◆ **Your objective**
Using the entries below, write out the line with "1. Проведите вертикальную", the line with "Lysa è un maglione", and every line in between, exactly as each is written.

[Extracted records]
++++++
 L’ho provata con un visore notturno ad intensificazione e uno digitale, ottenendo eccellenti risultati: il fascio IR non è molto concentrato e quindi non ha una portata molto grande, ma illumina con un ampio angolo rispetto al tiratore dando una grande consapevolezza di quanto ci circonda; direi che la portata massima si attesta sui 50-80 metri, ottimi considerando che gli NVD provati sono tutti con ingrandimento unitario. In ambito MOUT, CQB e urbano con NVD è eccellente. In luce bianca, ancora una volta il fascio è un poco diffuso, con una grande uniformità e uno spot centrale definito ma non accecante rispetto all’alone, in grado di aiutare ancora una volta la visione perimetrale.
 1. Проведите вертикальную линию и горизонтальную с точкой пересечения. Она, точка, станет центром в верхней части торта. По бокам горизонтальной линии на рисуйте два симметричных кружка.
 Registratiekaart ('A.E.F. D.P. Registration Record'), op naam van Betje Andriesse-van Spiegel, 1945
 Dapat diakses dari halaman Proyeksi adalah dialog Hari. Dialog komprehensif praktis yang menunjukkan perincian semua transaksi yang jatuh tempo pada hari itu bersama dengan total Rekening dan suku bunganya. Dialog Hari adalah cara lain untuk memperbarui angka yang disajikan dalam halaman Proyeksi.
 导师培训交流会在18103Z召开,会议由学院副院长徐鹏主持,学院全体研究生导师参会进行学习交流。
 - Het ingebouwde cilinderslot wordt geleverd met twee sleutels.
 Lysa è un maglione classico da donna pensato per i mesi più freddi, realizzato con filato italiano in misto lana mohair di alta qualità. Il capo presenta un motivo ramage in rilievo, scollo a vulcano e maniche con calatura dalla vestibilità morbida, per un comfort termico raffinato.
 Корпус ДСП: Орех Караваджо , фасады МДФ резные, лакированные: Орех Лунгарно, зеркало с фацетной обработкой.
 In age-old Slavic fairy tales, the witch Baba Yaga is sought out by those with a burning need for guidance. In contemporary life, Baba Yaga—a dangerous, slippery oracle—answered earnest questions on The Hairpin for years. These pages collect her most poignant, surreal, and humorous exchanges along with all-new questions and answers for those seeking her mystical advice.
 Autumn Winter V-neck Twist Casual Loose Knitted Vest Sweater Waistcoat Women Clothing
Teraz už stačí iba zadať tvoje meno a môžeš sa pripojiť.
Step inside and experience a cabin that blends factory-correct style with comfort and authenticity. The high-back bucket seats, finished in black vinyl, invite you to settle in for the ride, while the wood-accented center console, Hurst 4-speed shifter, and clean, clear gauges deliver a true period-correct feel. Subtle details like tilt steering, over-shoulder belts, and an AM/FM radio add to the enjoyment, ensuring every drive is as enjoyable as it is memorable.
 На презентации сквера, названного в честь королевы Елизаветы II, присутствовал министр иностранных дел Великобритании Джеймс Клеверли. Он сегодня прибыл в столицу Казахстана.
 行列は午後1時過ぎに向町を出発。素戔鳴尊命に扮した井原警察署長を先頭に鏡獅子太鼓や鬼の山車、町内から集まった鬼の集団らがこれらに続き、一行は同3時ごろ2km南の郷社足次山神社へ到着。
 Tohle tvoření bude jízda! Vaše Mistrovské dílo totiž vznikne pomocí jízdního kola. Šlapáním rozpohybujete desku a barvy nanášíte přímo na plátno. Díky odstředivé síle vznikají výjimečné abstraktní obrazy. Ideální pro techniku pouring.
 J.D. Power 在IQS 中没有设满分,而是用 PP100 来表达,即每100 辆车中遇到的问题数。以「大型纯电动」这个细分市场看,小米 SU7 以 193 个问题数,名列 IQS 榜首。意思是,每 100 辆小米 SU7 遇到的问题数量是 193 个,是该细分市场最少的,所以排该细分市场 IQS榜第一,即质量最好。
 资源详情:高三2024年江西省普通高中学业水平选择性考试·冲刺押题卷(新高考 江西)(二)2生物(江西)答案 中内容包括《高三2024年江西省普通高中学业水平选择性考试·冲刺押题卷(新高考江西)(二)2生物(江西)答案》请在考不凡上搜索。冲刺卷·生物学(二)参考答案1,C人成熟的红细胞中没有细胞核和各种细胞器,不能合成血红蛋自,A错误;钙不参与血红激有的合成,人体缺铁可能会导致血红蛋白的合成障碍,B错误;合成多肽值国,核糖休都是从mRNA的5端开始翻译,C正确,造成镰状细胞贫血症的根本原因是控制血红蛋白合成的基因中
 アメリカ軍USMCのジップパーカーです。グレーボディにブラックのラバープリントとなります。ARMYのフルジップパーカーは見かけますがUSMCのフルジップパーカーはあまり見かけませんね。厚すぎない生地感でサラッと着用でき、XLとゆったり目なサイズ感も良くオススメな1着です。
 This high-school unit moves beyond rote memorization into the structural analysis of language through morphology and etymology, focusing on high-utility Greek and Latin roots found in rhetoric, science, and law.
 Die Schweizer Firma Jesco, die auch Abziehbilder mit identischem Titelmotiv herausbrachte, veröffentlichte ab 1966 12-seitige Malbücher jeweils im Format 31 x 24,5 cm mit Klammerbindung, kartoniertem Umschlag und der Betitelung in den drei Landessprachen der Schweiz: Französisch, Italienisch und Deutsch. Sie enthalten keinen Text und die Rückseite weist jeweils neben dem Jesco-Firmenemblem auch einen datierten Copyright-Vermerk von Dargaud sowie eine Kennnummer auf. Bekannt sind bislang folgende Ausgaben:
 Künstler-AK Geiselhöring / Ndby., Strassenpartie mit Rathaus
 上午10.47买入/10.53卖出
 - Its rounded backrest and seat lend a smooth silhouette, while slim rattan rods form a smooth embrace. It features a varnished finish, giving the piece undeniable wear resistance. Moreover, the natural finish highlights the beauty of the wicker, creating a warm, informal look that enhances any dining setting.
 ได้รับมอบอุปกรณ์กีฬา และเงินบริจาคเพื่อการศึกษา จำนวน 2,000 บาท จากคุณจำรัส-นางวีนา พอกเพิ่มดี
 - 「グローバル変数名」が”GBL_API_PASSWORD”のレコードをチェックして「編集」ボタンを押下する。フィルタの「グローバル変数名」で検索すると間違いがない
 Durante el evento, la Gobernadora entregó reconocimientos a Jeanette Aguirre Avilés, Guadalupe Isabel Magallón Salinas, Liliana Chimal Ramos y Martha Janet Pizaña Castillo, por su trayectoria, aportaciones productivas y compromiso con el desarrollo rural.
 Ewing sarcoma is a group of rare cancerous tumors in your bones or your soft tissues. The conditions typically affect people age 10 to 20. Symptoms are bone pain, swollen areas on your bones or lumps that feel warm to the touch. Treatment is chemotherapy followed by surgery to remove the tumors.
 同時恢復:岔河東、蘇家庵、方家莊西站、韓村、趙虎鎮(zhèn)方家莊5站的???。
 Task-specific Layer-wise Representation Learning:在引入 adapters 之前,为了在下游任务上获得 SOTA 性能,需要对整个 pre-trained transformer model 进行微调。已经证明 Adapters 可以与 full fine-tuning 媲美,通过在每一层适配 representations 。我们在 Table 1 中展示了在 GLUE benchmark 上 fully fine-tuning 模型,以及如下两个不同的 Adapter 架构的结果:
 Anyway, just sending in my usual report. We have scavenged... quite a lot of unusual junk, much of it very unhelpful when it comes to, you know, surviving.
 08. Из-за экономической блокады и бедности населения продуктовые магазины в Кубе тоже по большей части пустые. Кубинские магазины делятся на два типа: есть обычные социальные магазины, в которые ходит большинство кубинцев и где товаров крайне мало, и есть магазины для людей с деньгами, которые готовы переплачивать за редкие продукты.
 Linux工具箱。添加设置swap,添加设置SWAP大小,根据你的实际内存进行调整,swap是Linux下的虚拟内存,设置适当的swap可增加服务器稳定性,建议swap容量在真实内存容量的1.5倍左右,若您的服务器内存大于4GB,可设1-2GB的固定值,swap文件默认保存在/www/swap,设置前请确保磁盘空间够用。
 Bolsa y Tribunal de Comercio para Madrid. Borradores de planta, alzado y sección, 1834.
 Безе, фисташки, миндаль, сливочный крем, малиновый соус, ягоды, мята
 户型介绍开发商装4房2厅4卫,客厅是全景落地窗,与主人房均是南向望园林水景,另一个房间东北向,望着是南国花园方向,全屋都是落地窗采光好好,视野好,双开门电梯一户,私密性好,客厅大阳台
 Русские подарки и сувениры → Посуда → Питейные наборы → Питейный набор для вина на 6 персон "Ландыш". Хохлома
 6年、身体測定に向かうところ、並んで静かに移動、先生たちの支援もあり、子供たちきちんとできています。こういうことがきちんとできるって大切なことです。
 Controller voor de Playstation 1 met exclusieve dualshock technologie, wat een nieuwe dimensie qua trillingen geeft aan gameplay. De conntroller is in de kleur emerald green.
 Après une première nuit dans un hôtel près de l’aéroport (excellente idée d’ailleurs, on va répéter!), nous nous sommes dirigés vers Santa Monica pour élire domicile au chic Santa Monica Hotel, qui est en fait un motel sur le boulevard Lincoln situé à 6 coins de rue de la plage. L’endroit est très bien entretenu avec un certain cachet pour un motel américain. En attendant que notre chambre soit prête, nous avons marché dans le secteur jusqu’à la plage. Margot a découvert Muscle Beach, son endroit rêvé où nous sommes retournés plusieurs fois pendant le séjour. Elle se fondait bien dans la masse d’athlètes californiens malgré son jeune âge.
++++++
◆ **Solution to the problem**
 1. Проведите вертикальную линию и горизонтальную с точкой пересечения. Она, точка, станет центром в верхней части торта. По бокам горизонтальной линии на рисуйте два симметричных кружка.
 Registratiekaart ('A.E.F. D.P. Registration Record'), op naam van Betje Andriesse-van Spiegel, 1945
 Dapat diakses dari halaman Proyeksi adalah dialog Hari. Dialog komprehensif praktis yang menunjukkan perincian semua transaksi yang jatuh tempo pada hari itu bersama dengan total Rekening dan suku bunganya. Dialog Hari adalah cara lain untuk memperbarui angka yang disajikan dalam halaman Proyeksi.
 导师培训交流会在18103Z召开,会议由学院副院长徐鹏主持,学院全体研究生导师参会进行学习交流。
 - Het ingebouwde cilinderslot wordt geleverd met twee sleutels.
 Lysa è un maglione classico da donna pensato per i mesi più freddi, realizzato con filato italiano in misto lana mohair di alta qualità. Il capo presenta un motivo ramage in rilievo, scollo a vulcano e maniche con calatura dalla vestibilità morbida, per un comfort termico raffinato.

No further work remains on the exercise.